* WORK ORDER
I'd like the entire listing output verbatim, apart from the pictures.
── STORED DATA
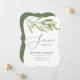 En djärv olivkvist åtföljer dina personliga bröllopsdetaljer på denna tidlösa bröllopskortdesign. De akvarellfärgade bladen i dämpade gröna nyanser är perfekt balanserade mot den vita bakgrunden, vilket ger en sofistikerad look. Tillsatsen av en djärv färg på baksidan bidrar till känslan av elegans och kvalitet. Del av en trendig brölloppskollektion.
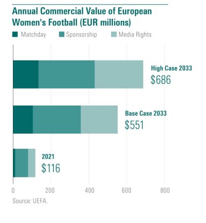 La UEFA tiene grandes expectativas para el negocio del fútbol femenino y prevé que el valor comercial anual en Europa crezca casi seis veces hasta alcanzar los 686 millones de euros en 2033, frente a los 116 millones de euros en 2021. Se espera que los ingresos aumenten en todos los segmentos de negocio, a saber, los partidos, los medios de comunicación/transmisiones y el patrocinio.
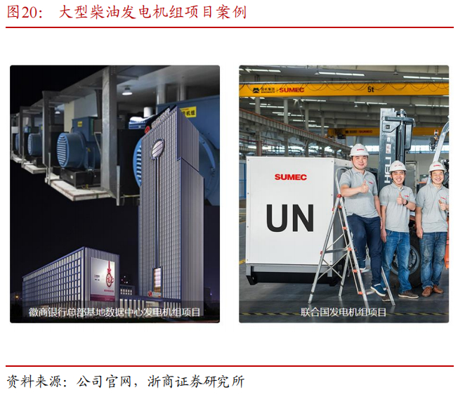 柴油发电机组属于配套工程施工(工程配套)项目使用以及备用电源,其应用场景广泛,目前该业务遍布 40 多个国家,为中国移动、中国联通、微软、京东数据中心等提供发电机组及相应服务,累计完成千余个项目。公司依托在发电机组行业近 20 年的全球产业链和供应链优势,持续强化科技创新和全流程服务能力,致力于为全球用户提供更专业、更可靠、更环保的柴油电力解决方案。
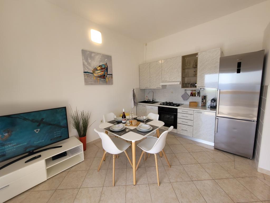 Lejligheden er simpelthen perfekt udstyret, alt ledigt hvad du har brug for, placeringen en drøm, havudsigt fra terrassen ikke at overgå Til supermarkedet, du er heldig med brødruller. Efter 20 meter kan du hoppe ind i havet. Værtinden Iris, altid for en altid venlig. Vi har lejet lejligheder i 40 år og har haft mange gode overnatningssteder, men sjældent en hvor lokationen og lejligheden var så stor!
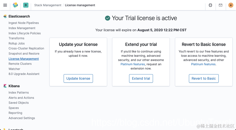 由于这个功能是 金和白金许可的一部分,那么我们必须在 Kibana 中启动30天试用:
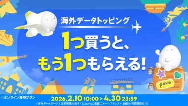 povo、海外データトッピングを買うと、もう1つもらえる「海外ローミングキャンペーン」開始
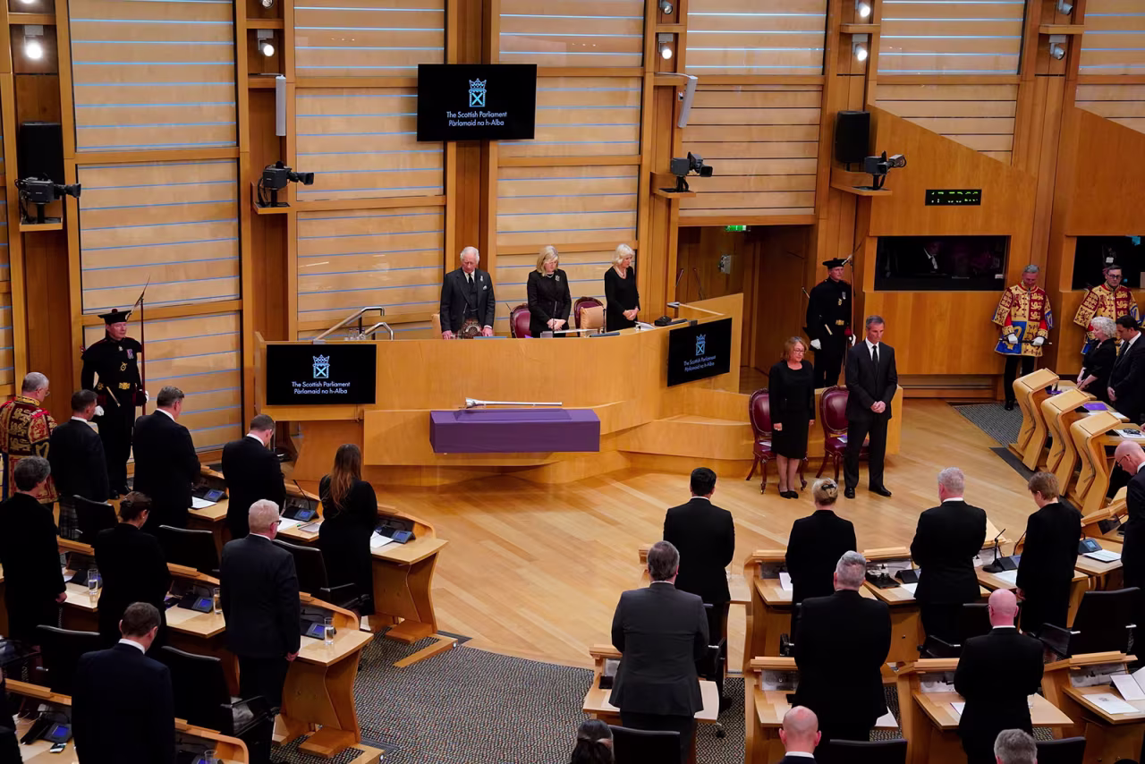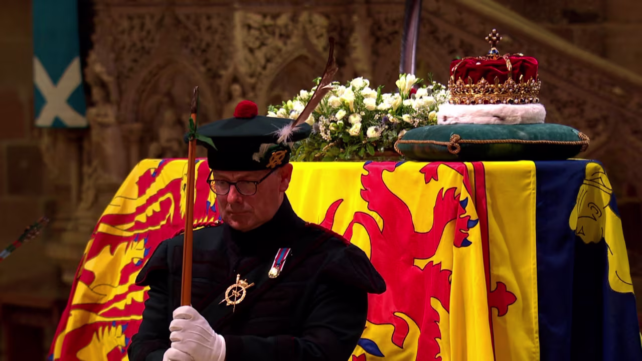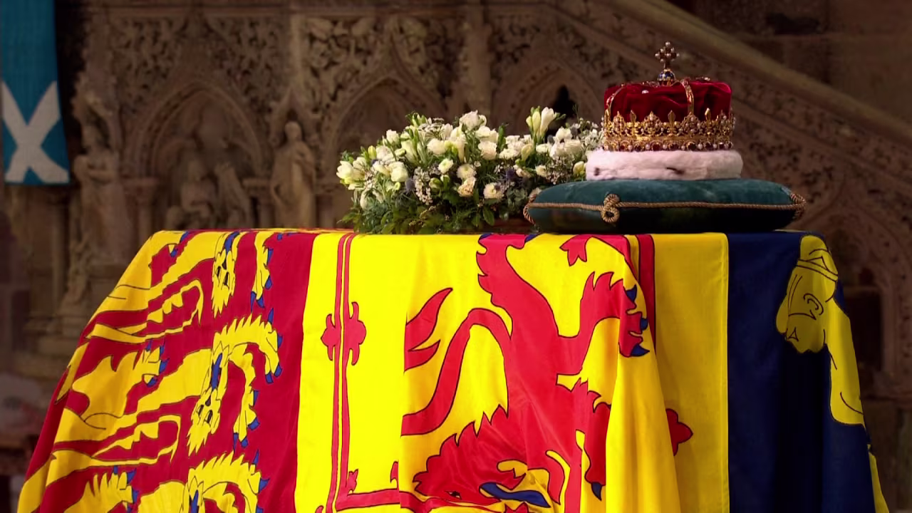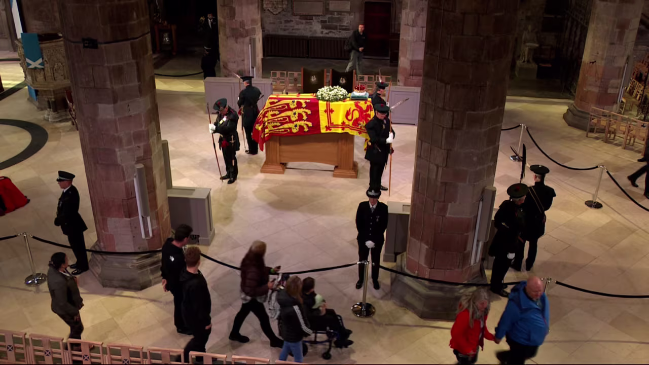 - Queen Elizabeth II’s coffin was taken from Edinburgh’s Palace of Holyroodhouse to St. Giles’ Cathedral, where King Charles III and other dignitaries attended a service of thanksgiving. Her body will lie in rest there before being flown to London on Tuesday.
────
* RESPONSE AREA
 En djärv olivkvist åtföljer dina personliga bröllopsdetaljer på denna tidlösa bröllopskortdesign. De akvarellfärgade bladen i dämpade gröna nyanser är perfekt balanserade mot den vita bakgrunden, vilket ger en sofistikerad look. Tillsatsen av en djärv färg på baksidan bidrar till känslan av elegans och kvalitet. Del av en trendig brölloppskollektion.
 La UEFA tiene grandes expectativas para el negocio del fútbol femenino y prevé que el valor comercial anual en Europa crezca casi seis veces hasta alcanzar los 686 millones de euros en 2033, frente a los 116 millones de euros en 2021. Se espera que los ingresos aumenten en todos los segmentos de negocio, a saber, los partidos, los medios de comunicación/transmisiones y el patrocinio.
 柴油发电机组属于配套工程施工(工程配套)项目使用以及备用电源,其应用场景广泛,目前该业务遍布 40 多个国家,为中国移动、中国联通、微软、京东数据中心等提供发电机组及相应服务,累计完成千余个项目。公司依托在发电机组行业近 20 年的全球产业链和供应链优势,持续强化科技创新和全流程服务能力,致力于为全球用户提供更专业、更可靠、更环保的柴油电力解决方案。
 Lejligheden er simpelthen perfekt udstyret, alt ledigt hvad du har brug for, placeringen en drøm, havudsigt fra terrassen ikke at overgå Til supermarkedet, du er heldig med brødruller. Efter 20 meter kan du hoppe ind i havet. Værtinden Iris, altid for en altid venlig. Vi har lejet lejligheder i 40 år og har haft mange gode overnatningssteder, men sjældent en hvor lokationen og lejligheden var så stor!
 由于这个功能是 金和白金许可的一部分,那么我们必须在 Kibana 中启动30天试用:
 povo、海外データトッピングを買うと、もう1つもらえる「海外ローミングキャンペーン」開始
 - Queen Elizabeth II’s coffin was taken from Edinburgh’s Palace of Holyroodhouse to St. Giles’ Cathedral, where King Charles III and other dignitaries attended a service of thanksgiving. Her body will lie in rest there before being flown to London on Tuesday.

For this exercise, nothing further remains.